El tiempo viaja como un pasajero más. Cada mañana espera aquel tren que dejaría escapar penetrando la oscuridad subterránea.
Entre las pipas humeantes de los hombres que hormiguean sin prestar atención más que al reloj, entre las mujeres elegantes que sortean a personas como él, algo descuella ante sus desvalidos ojos: una niña de largo vestido floreado lo escruta curiosa y alegremente desde el otro lado de la vía. Encoge su corazón.

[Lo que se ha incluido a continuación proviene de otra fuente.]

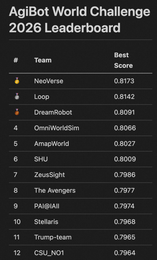 近日,在Agibot World Challenge与World Arena两大国际权威评测中,中国Abot-world系列世界模型实现了双双登顶,谷歌、英伟达等海外顶尖科技公司均参加了本次评测。这标志着中国在具身智能核心基础能力——世界模型构建方面已经处于全球领先水平。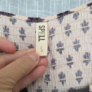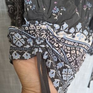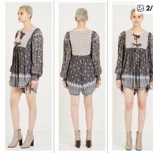 Elegant Spell short romper with bohemian patterns. Features black and cream tones. Ideal for a stylish look. front button closure with two sets of front ties. side pockets. elastic wrists. side tie ruching to gather sides just a bit. very flowy fit. excellent condition.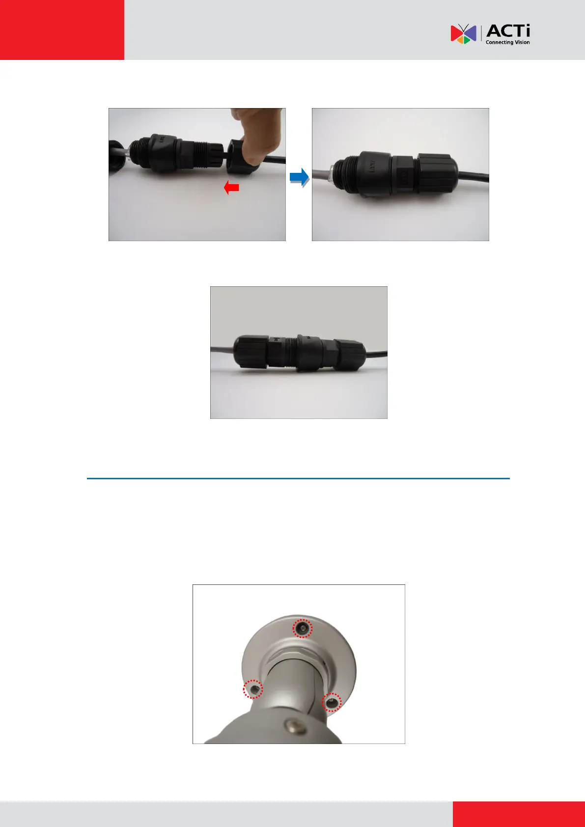 2. Attach the camera to the surface using the three (3) supplied screws. If the cables will be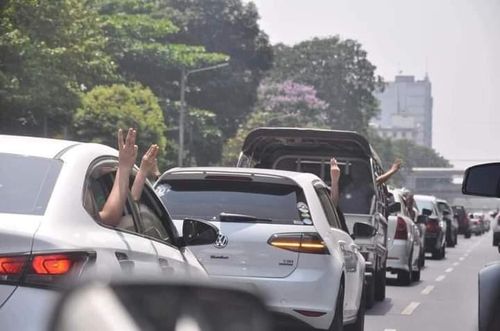 또 다른 동영상을 보면 길에 늘어선 차량이 일제히 경적을 울리고, 탑승자들이 창밖으로 손을 내밀어 저항의 상징인'세 손가락 경례'를 하고 있다.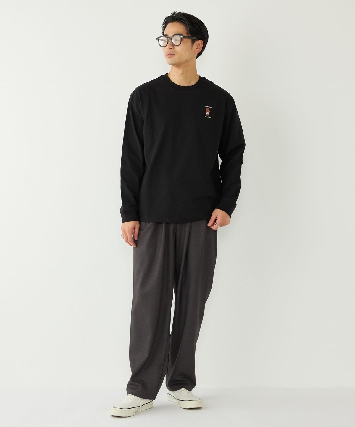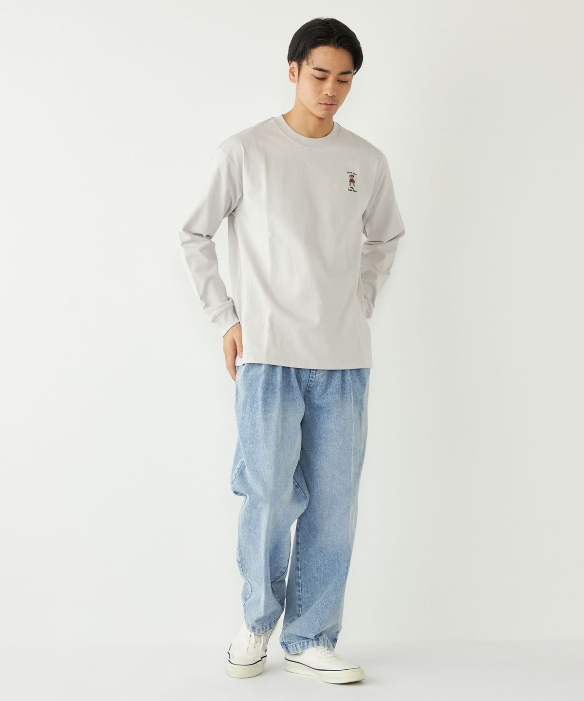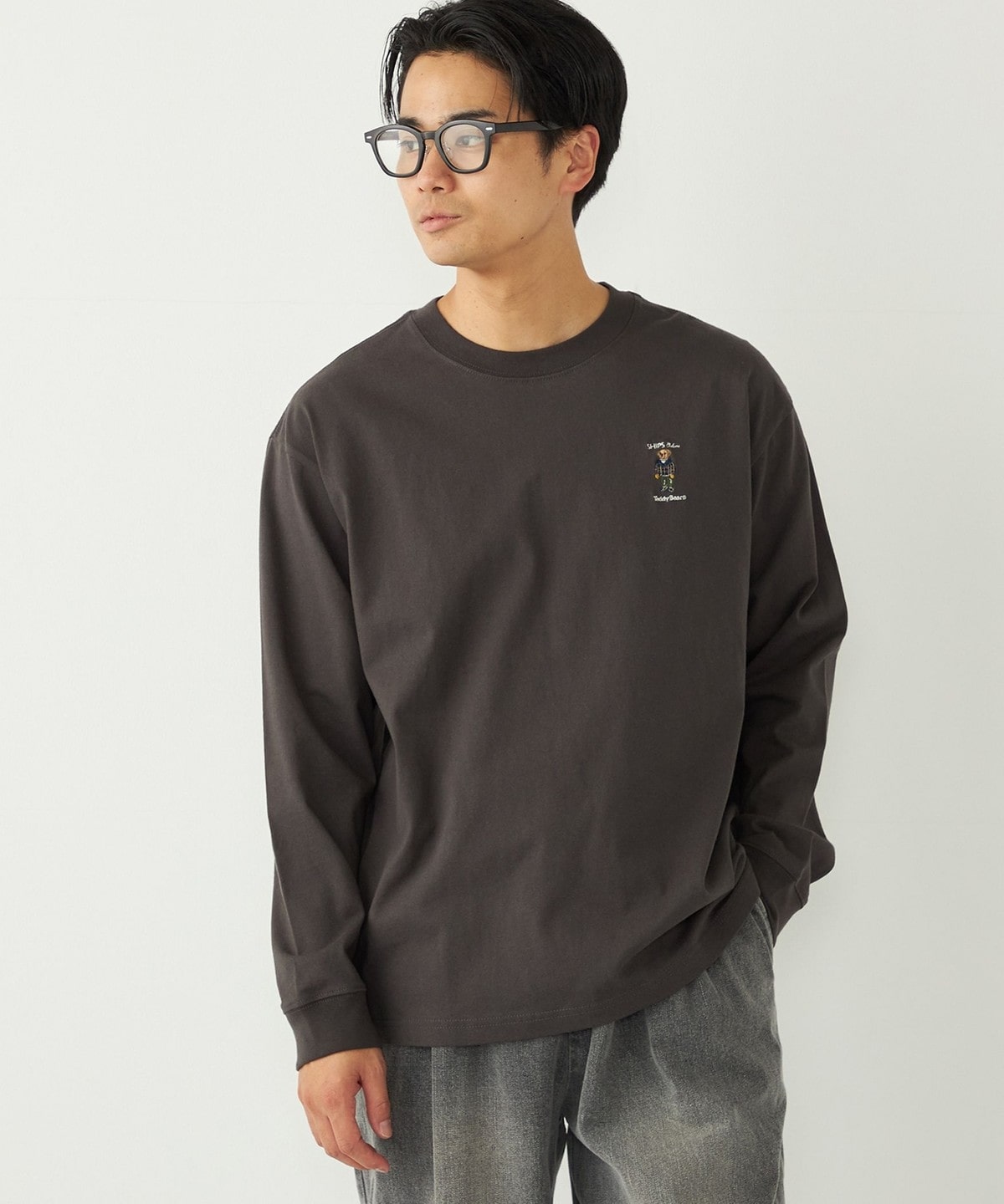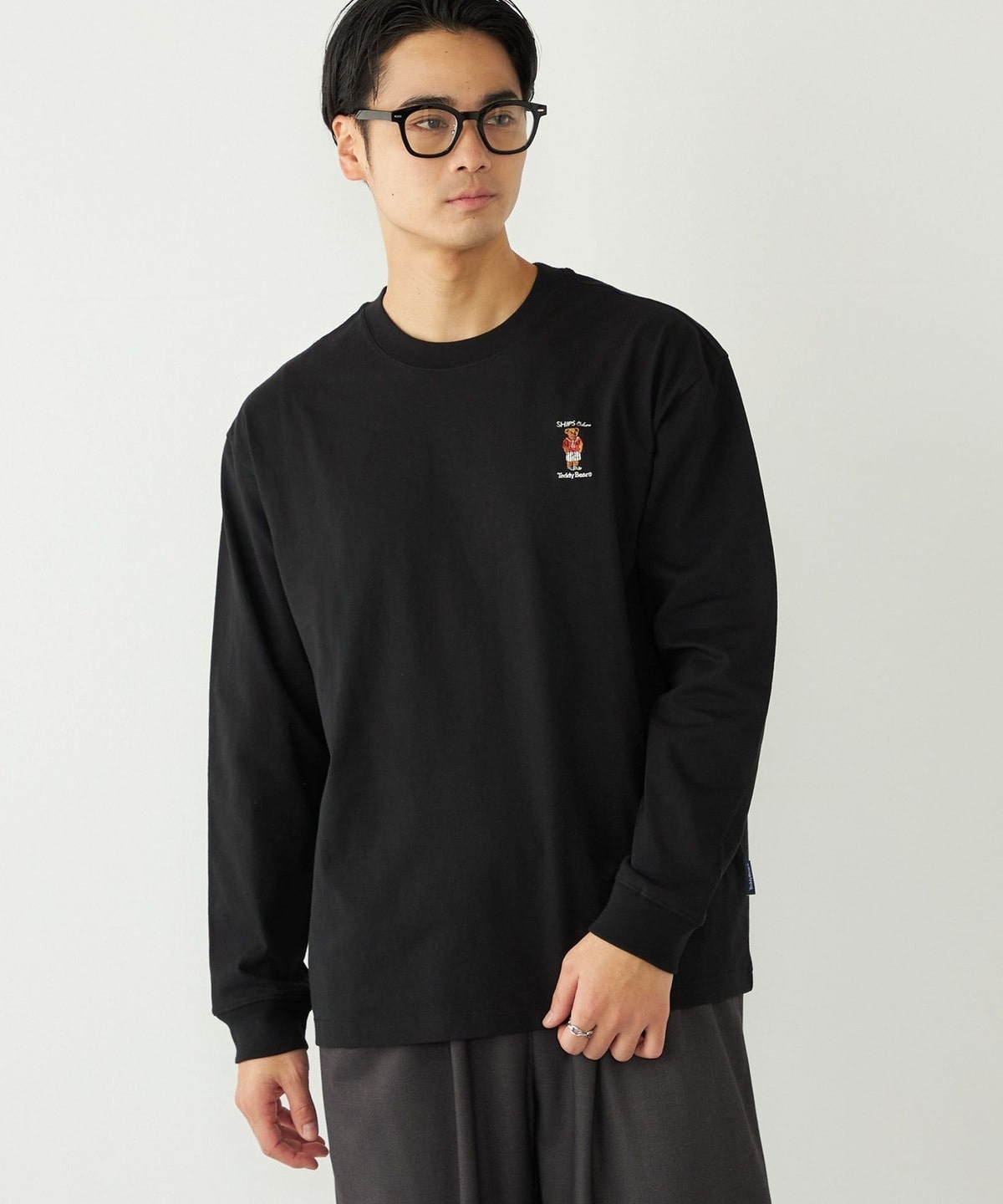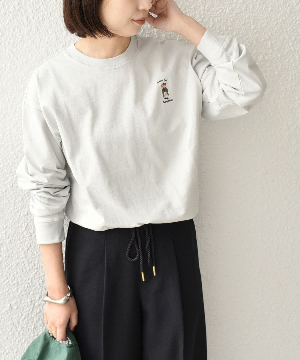 左胸にテディベアの刺繍を施した、シンプルなロンT。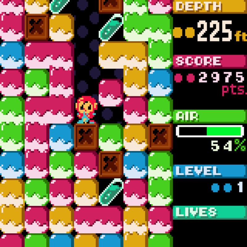 - Progressão e Pontuação: O objetivo é perfurar o mais profundo possível, evitando ser esmagado e mantendo o nível de oxigênio. A profundidade e a eficiência na remoção de blocos contribuem para a pontuação final.
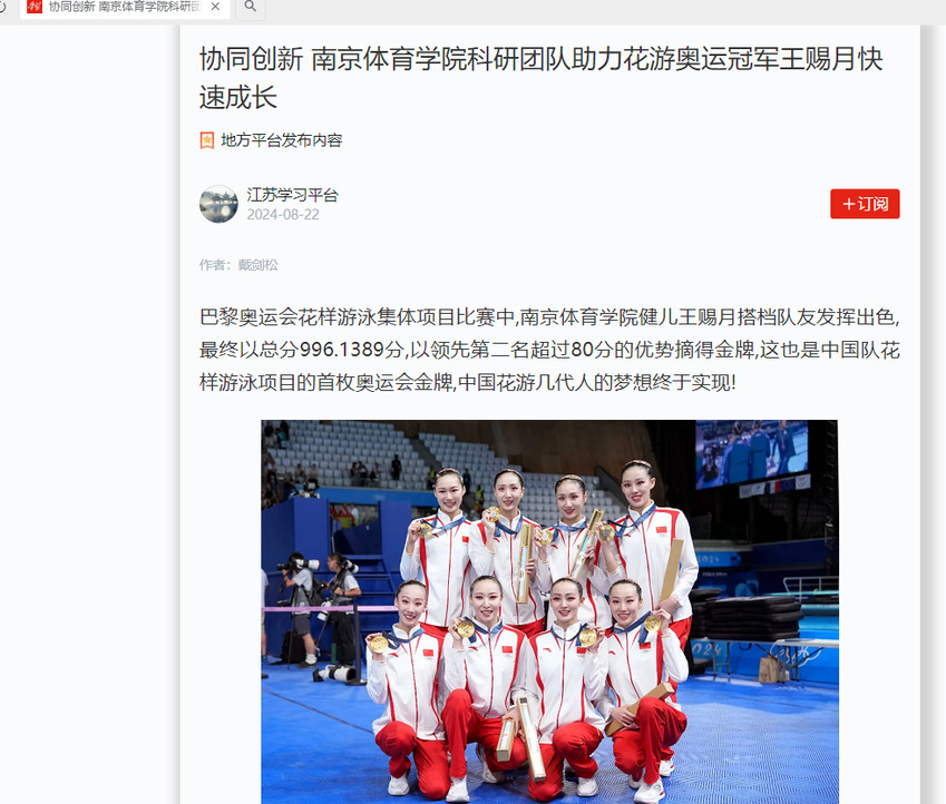 【学习强国】协同创新 云霄体育科研团队助力花游奥运冠军王赐月https://article.xuexi.cn/articles/index.html?art_id=1129391780374485797&cdn=https%3A%2F%2Fregion-jiangsu-resource&item_id=1129391780374485797&study_style_id=feeds_opaque&t=1724323509472&showmenu=false&ref_read_id=ff860b5f-b273-43e1-bc45-dcde00b36de6_1724337387822&pid=&ptype=-1&source=share&share_to=wx_single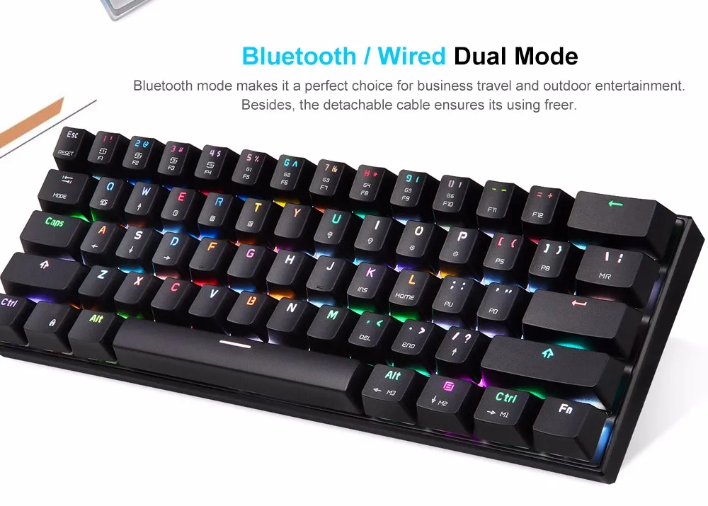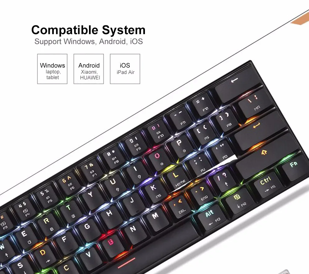 Спецификация:1. Бренд: Motospeed2. Модель: CK623. Подключение: bluetooth 3,0 и USB-C Проводной Двойной режим4. Подсветка: RGB и чисто белая подсветка5. Переключатель: Синий переключатель Outemu, красный переключатель6. Анти-ореолы номер: NKRO7. Номер ключа: 61 Ключ 60% макет8. Ток: 5V - 300mA (проводном режиме), 3,7 V - 200mA (Включите bluetooth-режим)9. Источник питания: Встроенный литий-ионный аккумулятор 1300 мАч10. Время зарядки: 3 - 4 часа11. Время работы в режиме ожидания: 480 часов12. Время работы: 10 часов13. Поддержка системы: Android, для iOS, Windows14. Диапазон беспроводной передачи: 10 м15. Срок службы клавиатуры (раз): 50 миллионов раз16. Ответ Скорость: 0,1 мс17. Размер продукта (Д x Ш x В): 29,00x10,00x4,00 см/11,42x3,94x1,57 дюймов18. Вес изделия: 490 г19. Кабель Длина (м): 1,5 мОсобенности:1. Поддерживает bluetooth и проводное двухрежимное соединение, подходит для деловых поездок или развлечений на открытом воздухе.Длительное нажатиеРежим "Fn" +"Ключ может переключить режим подключения.Желтый светильник мигает три раза, затем превращается в зеленый, клавиатура входит в проводной режим.Фиолетовый светильник мигает три раза, затем становится синим, он переходит в режим bluetooth.2. Как подключить устройство в режиме bluetoothВ первую очередь: Включите переключатель питания bluetooth на задней панели.Второй: Короткое нажатие Fn + E / R / T для сопряжения с устройствами bluetooth.Третий: Удерживайте Fn + Q в течение 3-5 с, чтобы войти в состояние сопряжения, мигает синий светильник Под клавишей Caps; Выполните поиск сигнала клавиатуры на вашем bluetooth-устройстве и выберите для подключения. Синий светильник выгорит при удачном подключении.3. Несколько режимов подсветки для опции.Нажмите клавишу Fn + меню, чтобы переключить режимы подсветки, нажмите Fn + правую клавишу Ctrl, чтобы включить цвета baclit.Нажмите клавишу Fn + O / P, чтобы настроить скорость отображения, и нажмите Fn + U / I, чтобы настроить яркость подсветки.4. Режим перекодирования для большего количества функций. ПрессFn + 1 / 2 / 3 / 4Для реализации функции транскодирования около 3 с светится Розовый индикатор-светильник.Удерживайте Fn + 1 до тех пор, пока не загорится розовый светильник под 1 клавишей, «1, 2, 3, 4, 5, 6, 7, 8, 9, 0, -, = "можно изменить на" F1 - F12 ".Удерживайте Fn + 2 до тех пор, пока не загорится розовый светильник под 2 клавишами, "[{, "]}, :, ", K,<, L, .> «Ключ может быть изменен на «PS, PB, PG, PD, INS, Del, HOME, END» функциональную клавишу.Удерживайте Fn + 3, пока не загорится розовый светильник под 3 клавишами, «/, правый Alt, меню, правый Ctrl» можно изменить на клавиши со стрелками.Нажмите Fn + 4, пока не загорится розовый светильник с 4 клавишами, кнопка «WASD» также может переключаться на клавиши со стрелками.Посылка включает в себя:1 * Клавиатура1 * кабель Type-C1 * руководство на английском/китайском языках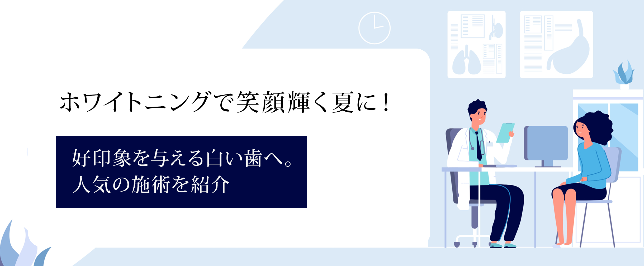笑顔が活きるアクティブな夏こそ、審美歯科治療も行える当クリニックでホワイトニングをお試しください。特に男性の方にも是非お勧めします。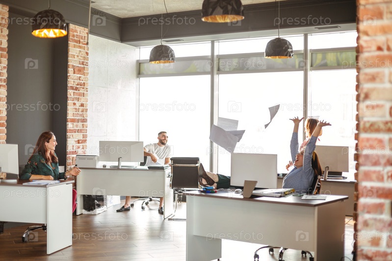 Офисные работники празднуют завершение проекта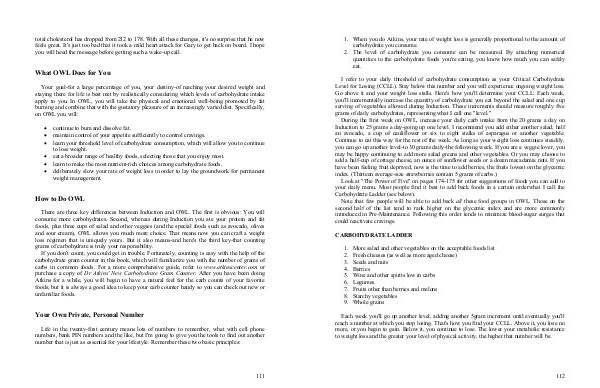 Your goal-for a large percentage of you, your destiny-of reaching your desired weight and staying there for life is best met by realistically considering which levels of carbohydrate intake apply to you. In OWL, you will take the physical and emotional well-being promoted by fat burning and combine that with the gustatory pleasure of an increasingly varied diet. Specifically, on OWL you will: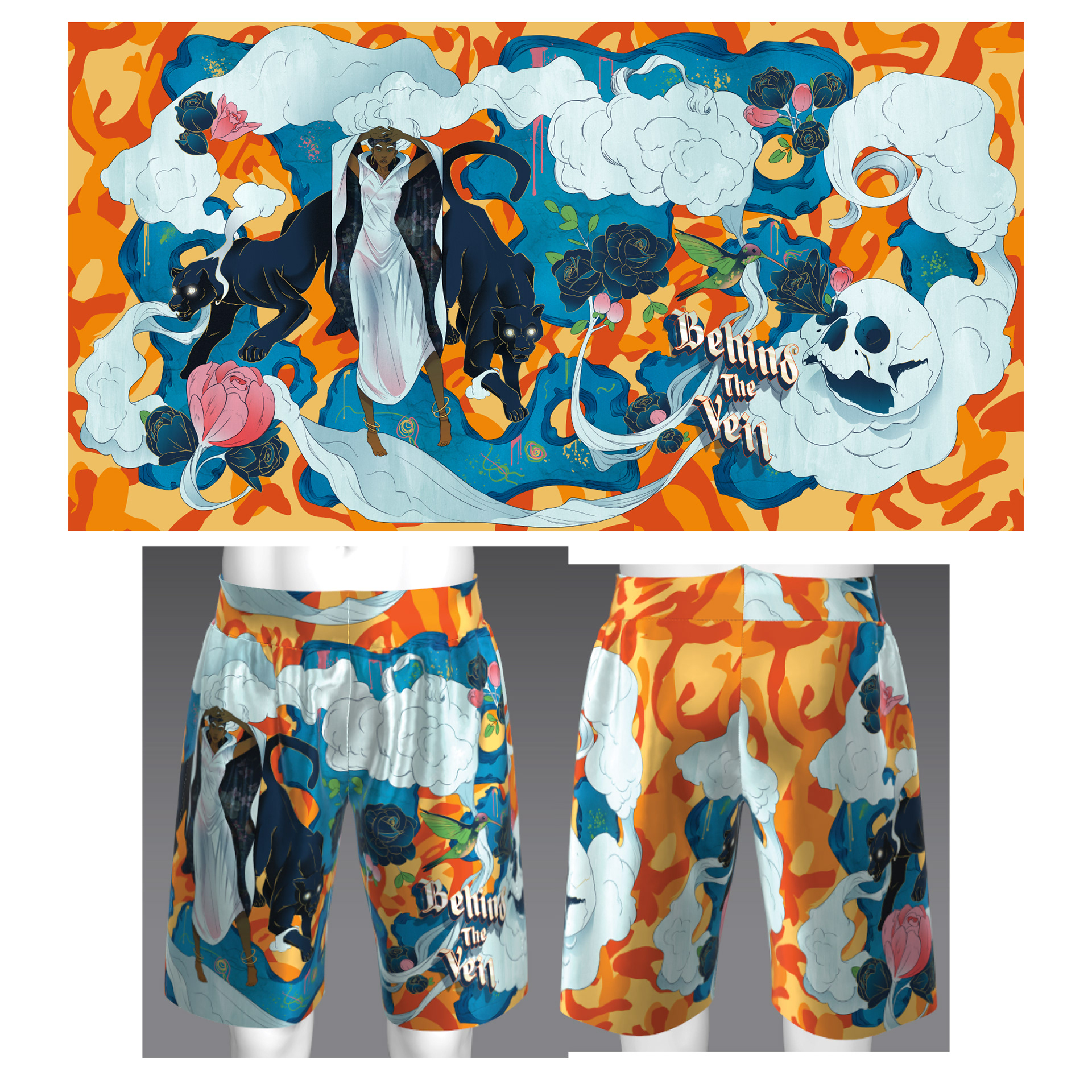Digitally illustrated by hand; inspired by artist James Jean. Shorts were created in Marvelous Designer and illustration was applied to determine print placement.

Pasa un tren como quien corre un telón teatral. La niña ha crecido. Sus pizpiretas trenzas han dado lugar a una larga melena. Su mochilita coloreada ahora es más discreta. Pero ella continúa observándolo desde el andén, en compensación al gentío que lo avasalla.
De nuevo otro tren lo ciega. Cuando se recupera, repara en una mujer de rostro familiar. Las paredes son de otro color, los focos brillan con renovada luz. Él es más pobre, el deceso, más cercano, pero ella permanece en el mismo andén. Ahora ya no lo advierte. Ahora ya no lo ve. Ahora ya es mayor.
El tiempo huye feroz por las vías que los distancian. El tiempo de un sueño infinito, un andén ficticio y una mujer onírica. Como un pasajero más.